__Information__
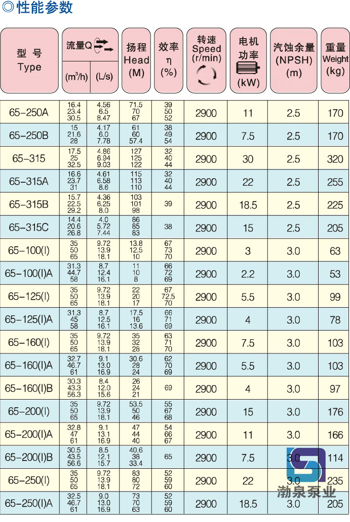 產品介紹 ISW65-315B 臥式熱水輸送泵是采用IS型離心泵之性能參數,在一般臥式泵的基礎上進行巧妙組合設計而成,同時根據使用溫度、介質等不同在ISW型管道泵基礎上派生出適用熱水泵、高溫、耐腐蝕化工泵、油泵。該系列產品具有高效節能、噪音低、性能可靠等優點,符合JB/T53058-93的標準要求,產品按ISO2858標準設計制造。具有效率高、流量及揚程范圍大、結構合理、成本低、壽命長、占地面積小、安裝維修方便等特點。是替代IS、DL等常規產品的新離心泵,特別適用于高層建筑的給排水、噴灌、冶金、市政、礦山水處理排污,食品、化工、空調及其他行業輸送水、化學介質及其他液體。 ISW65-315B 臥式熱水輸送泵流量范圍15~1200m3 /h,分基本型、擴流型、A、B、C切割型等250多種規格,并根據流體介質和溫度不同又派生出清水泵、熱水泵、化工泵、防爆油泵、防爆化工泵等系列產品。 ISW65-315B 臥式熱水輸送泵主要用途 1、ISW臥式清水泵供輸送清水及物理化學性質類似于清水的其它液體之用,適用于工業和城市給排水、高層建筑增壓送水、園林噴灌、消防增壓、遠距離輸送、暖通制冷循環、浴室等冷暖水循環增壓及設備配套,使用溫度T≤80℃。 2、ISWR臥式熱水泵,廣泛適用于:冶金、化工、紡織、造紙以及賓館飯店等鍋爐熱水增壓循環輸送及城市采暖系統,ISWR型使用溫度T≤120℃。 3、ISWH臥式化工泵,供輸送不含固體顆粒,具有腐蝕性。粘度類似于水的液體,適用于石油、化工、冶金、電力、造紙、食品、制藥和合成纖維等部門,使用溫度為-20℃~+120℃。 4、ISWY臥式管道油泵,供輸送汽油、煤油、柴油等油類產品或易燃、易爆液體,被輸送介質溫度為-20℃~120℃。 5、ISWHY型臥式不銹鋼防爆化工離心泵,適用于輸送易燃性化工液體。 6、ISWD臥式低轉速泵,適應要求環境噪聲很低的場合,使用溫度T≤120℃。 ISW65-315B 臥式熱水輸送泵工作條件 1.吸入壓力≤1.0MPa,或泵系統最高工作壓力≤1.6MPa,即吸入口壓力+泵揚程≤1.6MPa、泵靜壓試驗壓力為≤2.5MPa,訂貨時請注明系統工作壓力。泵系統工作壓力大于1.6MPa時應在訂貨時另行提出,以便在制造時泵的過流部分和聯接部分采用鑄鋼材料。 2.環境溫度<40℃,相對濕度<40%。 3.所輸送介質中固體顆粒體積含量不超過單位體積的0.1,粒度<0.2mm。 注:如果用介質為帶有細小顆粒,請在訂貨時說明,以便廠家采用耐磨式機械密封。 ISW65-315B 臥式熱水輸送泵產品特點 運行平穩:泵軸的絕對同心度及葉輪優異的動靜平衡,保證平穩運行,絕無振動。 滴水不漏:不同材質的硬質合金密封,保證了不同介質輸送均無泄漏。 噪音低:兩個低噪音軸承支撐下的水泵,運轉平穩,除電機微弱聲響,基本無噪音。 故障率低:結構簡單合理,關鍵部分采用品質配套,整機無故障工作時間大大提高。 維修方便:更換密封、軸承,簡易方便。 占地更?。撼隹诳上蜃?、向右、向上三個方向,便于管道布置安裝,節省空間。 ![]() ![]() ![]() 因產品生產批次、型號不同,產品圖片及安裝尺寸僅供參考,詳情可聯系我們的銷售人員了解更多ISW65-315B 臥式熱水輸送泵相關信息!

--

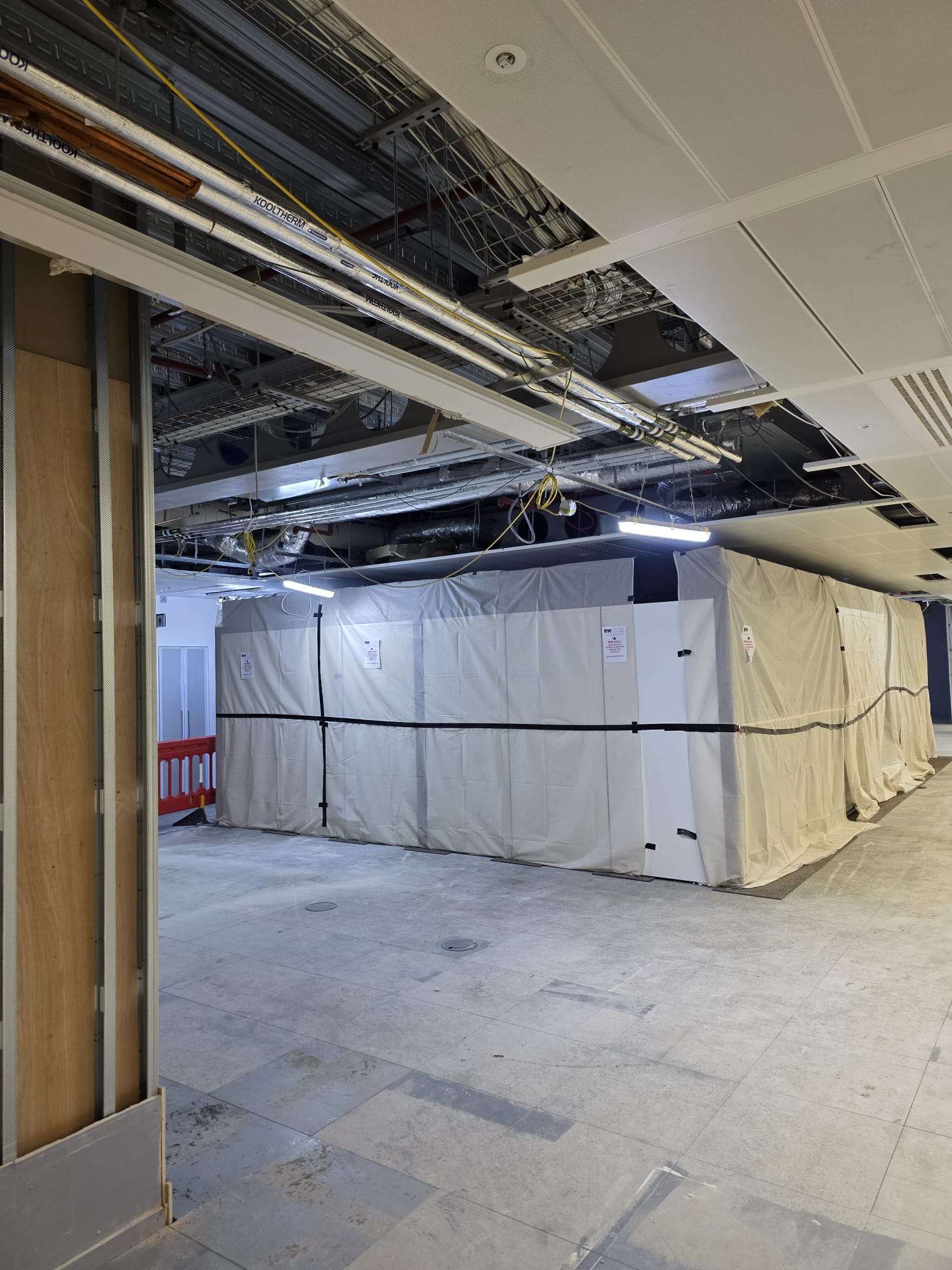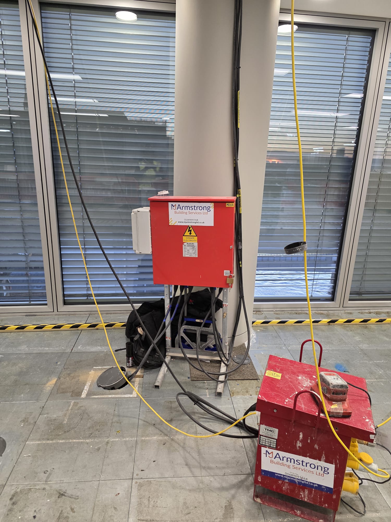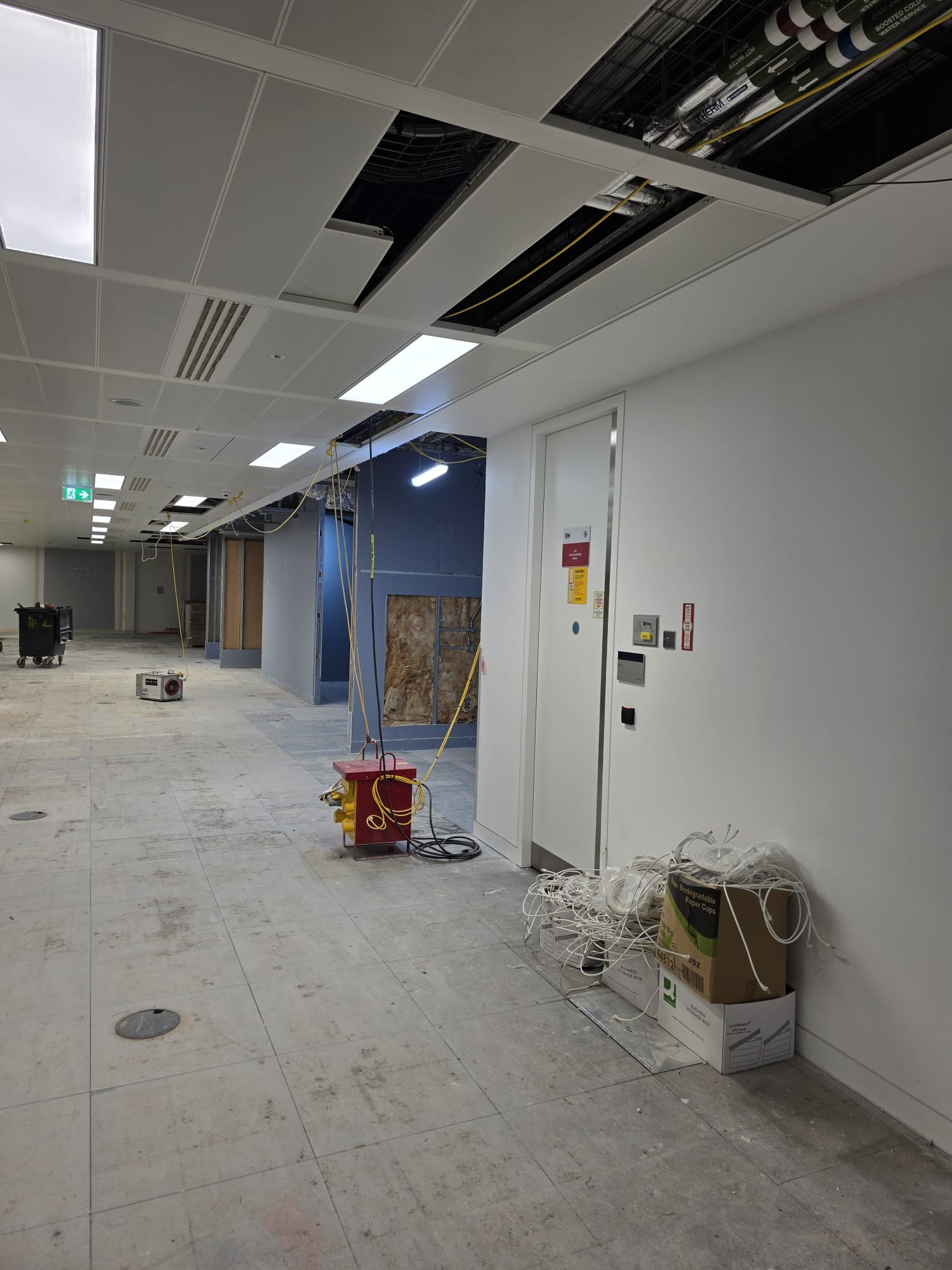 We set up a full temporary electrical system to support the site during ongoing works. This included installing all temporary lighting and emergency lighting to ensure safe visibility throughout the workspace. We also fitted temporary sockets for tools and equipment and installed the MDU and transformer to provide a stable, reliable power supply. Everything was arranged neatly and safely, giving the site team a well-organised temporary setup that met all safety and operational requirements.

--

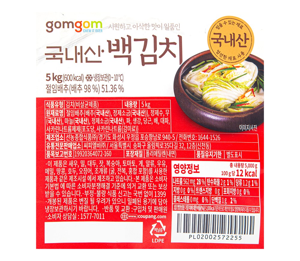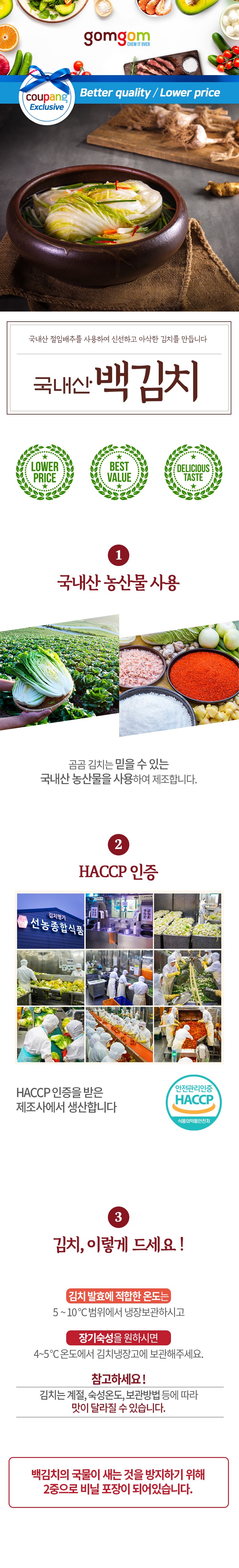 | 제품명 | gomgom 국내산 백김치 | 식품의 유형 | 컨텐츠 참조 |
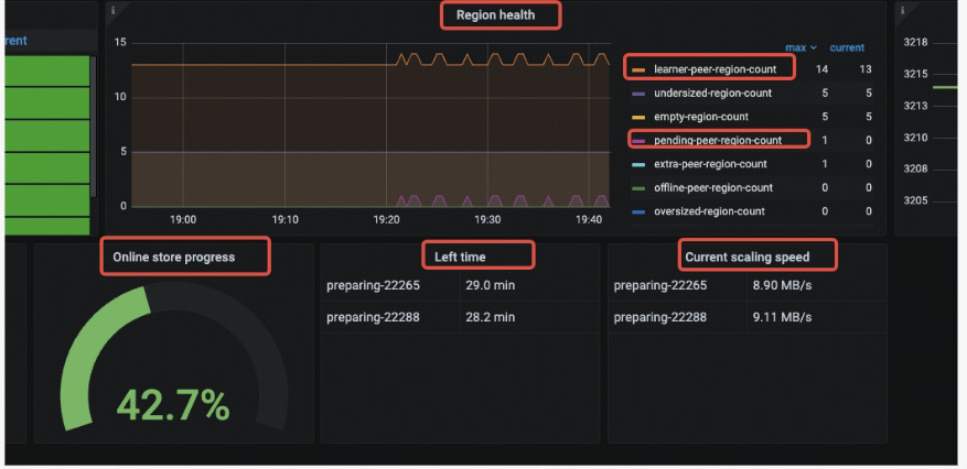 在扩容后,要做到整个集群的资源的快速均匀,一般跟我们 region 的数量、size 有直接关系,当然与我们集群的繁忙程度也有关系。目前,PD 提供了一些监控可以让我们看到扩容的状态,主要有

__What you will do__
Everything above from the line that has "유형 | 컨텐츠 참조 |" down to the line that has "在扩容后,要做到整个集群的资源的快速均匀,一般跟我们 region 的数量、size" should be output exactly, with both of those lines included. Leave the pictures behind.

__Answer to this problem__
 | 제품명 | gomgom 국내산 백김치 | 식품의 유형 | 컨텐츠 참조 |
 在扩容后,要做到整个集群的资源的快速均匀,一般跟我们 region 的数量、size 有直接关系,当然与我们集群的繁忙程度也有关系。目前,PD 提供了一些监控可以让我们看到扩容的状态,主要有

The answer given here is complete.